We left the bar a few hours later, very drunk and none the wiser about who this gargantuan party animal really was. That was the only time our paths crossed with Bill’s because shortly after our encounter at the bar, Bocas got slammed by a once-in-a-century rain storm that didn’t let up for ten days.
Vast swaths of the island, like the famous Starfish Beach, were washed away, and the already tenuous infrastructure of Bocas began to collapse.
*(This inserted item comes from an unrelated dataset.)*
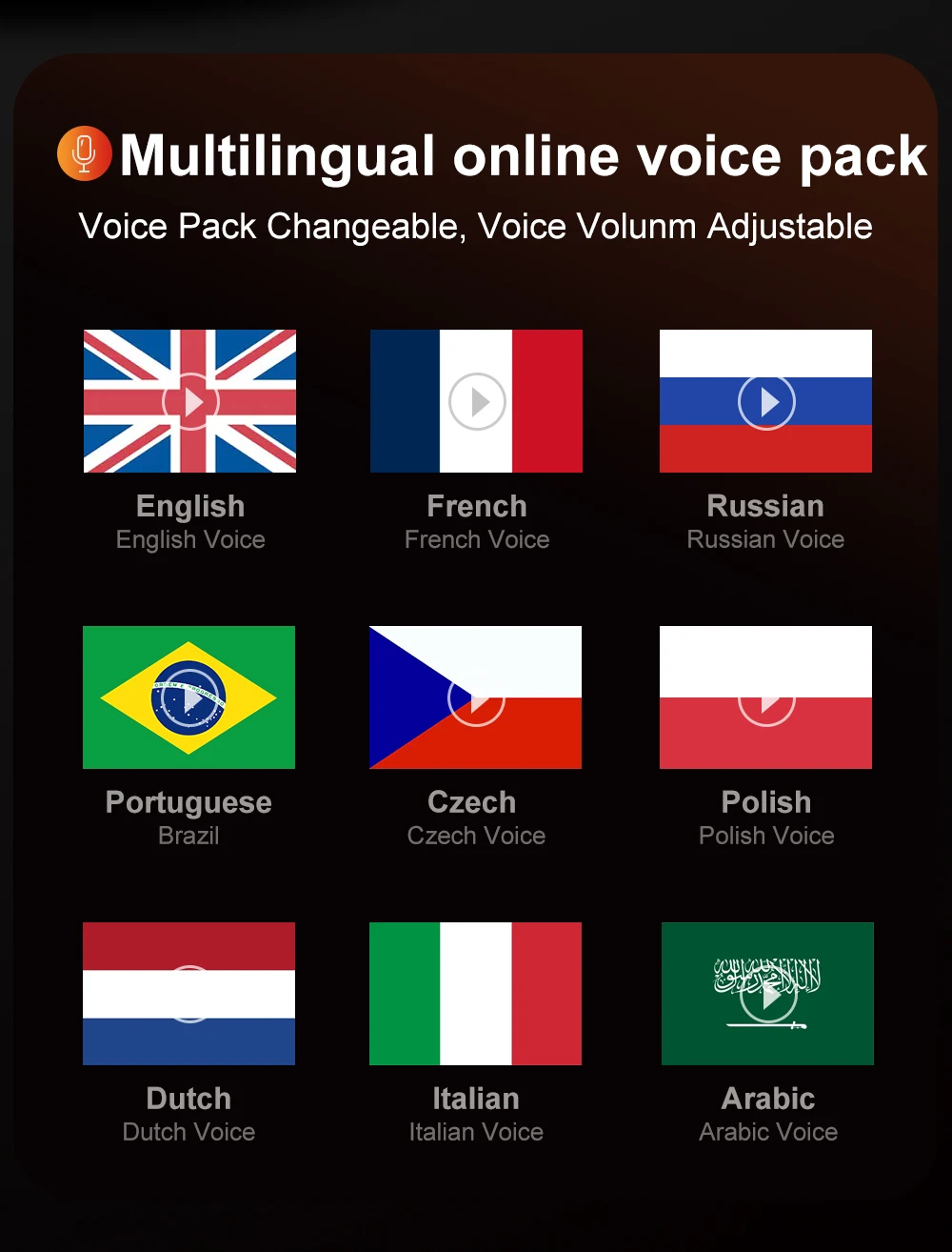 16. Multilingual online voice pack for your choice. Voice Pack Changeable, Voice Volunm Adjustable

The electricity went out for days; no one could access ATMs to get cash, and the internet was down; it got a little weird.
Luckily, our father planned to visit and got a flight to Bocas during a brief break in the rain. Seeing the state of the island, our new tattoos, and the drained look on our faces from all the revelry, he made the executive decision to get us out of there and back to Louisiana immediately.
Years later, in 2010, after we’d returned home and settled back into normalcy, we received news that Cheryl had gone missing. Neighbors on the island became alarmed because they noticed she left her beloved pets unattended, something she’d never do, and called the authorities.
After questioning the locals, the Bocas police realized that other island residents had also gone missing. Shortly after neighbors reported Cheryl missing, they found her body buried in the backyard. She’d been murdered.
On July 26th, 2010, authorities arrested Bill Holbert and his girlfriend as they tried to cross the border into Nicaragua from Costa Rica. Wild Bill was charged with the murders of four adults, including Cheryl Hughes, and one child.
Between 2007 and 2010, Bill would kill and take over the properties of four different ex-pats in the area. Given the secretive nature of Bocas, it was the perfect hunting ground because people rarely asked questions. Everyone knew there was something off about Bill, but after Cher went missing, the inquiries started to pile up, and the walls started closing in.
In 2007, I met a serial killer. To my knowledge, he was the only one with whom I’d shaken hands. There was something off about Bill, but to be honest, I’ve met much more distasteful people in my life. I was much too intoxicated that entire trip to delve deeper into Bill and see what he was all about when I was there; I didn’t really care; I was there for the same reasons he was, well, not all of the same reasons.
I was on the run just like Bill was; I was a college dropout with no job, and I got sick of hearing what a loser I was, so I left. I felt like an outsider at the time, and I often shiver thinking how much I had in common with Wild Bill during that time in my life and that our paths would cross.
Bocas is a refuge of the damned, a tropical island of prisoners who built their cells long ago. There is no peace there but the peace you bring with you, and that will be shattered given enough time. Maybe had I not been so self-involved and wrapped in my failures, Cher would still be alive.